Case Number: 20-30019

Judge: Ryan D. Nelson

Court: UNITED STATES COURT OF APPEALS FOR THE NINTH CIRCUIT

Plaintiff's Attorney: Stephen L. Corso (argued), Assistant United States

Attorney; Bryan Schroder, United States Attorney; United

States Attorney’s Office

Defendant's Attorney:



St. Louis, MO - Criminal defense Lawyer Directory



Description:

St. Louis, MO - Criminal defense lawyer represented defendant with a sending a communication that threatened the state judge assigned to his civil proceeding charge.





Over a decade ago, Bachmeier was convicted of various

state crimes not relevant here. Judge Anna Moran oversaw

those proceedings. During one telephonic hearing,

Bachmeier grew belligerent and repeatedly called Judge

Moran offensive names. After Judge Moran warned him to

stop, Bachmeier became more inflamed and yelled a graphic

and specific threat to gravely harm Judge Moran's family.

At that point, Judge Moran muted Bachmeier and contacted

judicial services, and later hearings proceeded without

further outbursts. Bachmeier remains in state custody and is

serving the rest of his sentence. This first threat looms as an

important backdrop to Bachmeier's current § 876(c)

conviction.

Seven years later, Bachmeier filed a pro se name change

petition in the Superior Court in Kenai, Alaska ("Kenai

Courthouse”) while still in state custody. Per Alaska court

procedure, the petition was randomly assigned to a Superior

Court judge to rule on and oversee any motions filed with

the petition—in this case, Judge Moran. In prior

proceedings, Bachmeier sought and obtained judicial

reassignments when Judge Moran was assigned to his case.

But this time the reassignment request deadline passed

before Bachmeier learned of Judge Moran's assignment.

Bachmeier mailed the following request to the Kenai

Courthouse, which ultimately led to his § 876(c) conviction:

Am requesting to cancel this proceeding. I

never got a notice of judicial assignment. I

would of struck Moran from this case as I

have told her in the past Im going to kill her

family which I still entend to do. Therefore

she cannot be impartial. I will refile and this

UNITED STATES V. BACHMEIER 5

court will give me notice of judicial

assignment, or els.

Bachmeier's request included a case name and number, and

the clerk's office forwarded it to Judge Moran's chambers

without reviewing its substance. When Judge Moran

received the request, she was horrified at his statement that

he still intended to carry out a death threat made almost a

decade earlier.

The federal government indicted Bachmeier under

18 U.S.C. § 876(c) for mailing a threatening

communication. Bachmeier moved to dismiss, arguing his

request was addressed to the Kenai Courthouse, not a natural

person as § 876(c) requires. The district court denied that

motion and the subsequent motion to reconsider, and the

case went to trial. At trial Bachmeier moved for acquittal

after the government's case-in-chief on the same grounds.

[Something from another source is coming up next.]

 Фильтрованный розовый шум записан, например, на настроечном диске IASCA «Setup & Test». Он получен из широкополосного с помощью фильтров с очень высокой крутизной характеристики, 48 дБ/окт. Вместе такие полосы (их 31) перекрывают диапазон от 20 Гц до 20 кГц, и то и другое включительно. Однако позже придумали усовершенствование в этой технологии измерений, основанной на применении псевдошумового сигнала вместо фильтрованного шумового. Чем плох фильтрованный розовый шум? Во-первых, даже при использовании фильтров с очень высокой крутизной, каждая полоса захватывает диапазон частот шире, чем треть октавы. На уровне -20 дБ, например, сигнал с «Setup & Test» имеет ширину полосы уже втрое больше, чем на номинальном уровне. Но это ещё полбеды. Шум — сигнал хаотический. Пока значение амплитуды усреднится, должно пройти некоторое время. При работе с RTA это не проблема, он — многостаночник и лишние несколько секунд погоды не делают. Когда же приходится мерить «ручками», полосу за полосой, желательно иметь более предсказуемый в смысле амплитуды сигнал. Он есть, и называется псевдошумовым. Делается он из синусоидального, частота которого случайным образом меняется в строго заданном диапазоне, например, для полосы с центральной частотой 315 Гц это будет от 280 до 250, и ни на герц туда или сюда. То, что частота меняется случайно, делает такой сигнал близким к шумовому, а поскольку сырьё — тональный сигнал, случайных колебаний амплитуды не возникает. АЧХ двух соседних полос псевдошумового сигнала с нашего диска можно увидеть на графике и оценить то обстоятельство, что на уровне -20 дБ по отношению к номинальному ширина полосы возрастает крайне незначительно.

The district court deferred ruling on that motion until after

the jury returned its verdict. Bachmeier requested that the

jury be instructed that, to convict, it was required to find that

"Bachmeier subjectively intended to threaten” Judge Moran.

The district court rejected that proposed instruction, instead

instructing the jury to find either that Bachmeier "intended

to communicate a threat in the document, or acted with

knowledge that the document would be viewed as a threat.”

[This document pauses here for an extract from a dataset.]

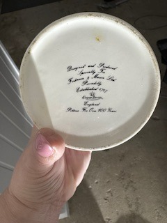 Text i botten: Designed and produced specially for Fortnum & Mason Ltd. Piccadilly, Estableshed 1707. Crown Devon, England. Potters for over 100 years (se bild på text).
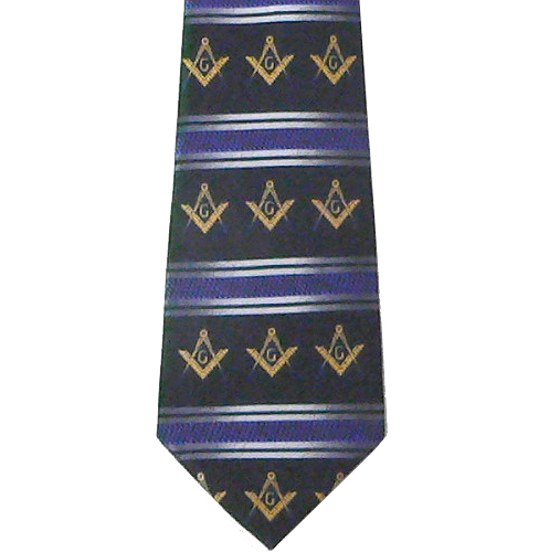 Men's Masonic Masonic neck tie a symmetrical pattern with black and blue horizontal rows of bars separating lines of gold tone Masonic emblems. This novelty tie has a standard length of approximately 58" inches and about 3" in width. The neckwear is 100% polyester, providing wrinkle resistance and the look and feel of silk. Great gift / masonic lodge regalia.

The jury returned a guilty verdict, the district court denied

Bachmeier's motion to acquit, and Bachmeier appealed his

conviction.

II

Section 876(c) prohibits an individual from

(1) "knowingly” sending a communication through the mail

that (2) is "addressed to any other person” and

(3) "contain[s] any threat to kidnap any person or any threat

6 UNITED STATES V. BACHMEIER

to injure the person of the addressee or of another.”

18 U.S.C. § 876(c). Bachmeier argues that the evidence did

not sufficiently support a finding of the second element

because his request was sent to the Kenai Courthouse, not a

"person.” See id. Bachmeier also contends the jury

instructions were erroneous because they allowed the jury to

convict based on Bachmeier's knowledge of the threat rather

than his subjective intent to threaten. Exercising our

jurisdiction under 28 U.S.C. § 1291, we address both

challenges in turn.

A

We review challenges to the sufficiency of evidence de

novo. United States v. Keyser, 704 F.3d 631, 640 (9th Cir.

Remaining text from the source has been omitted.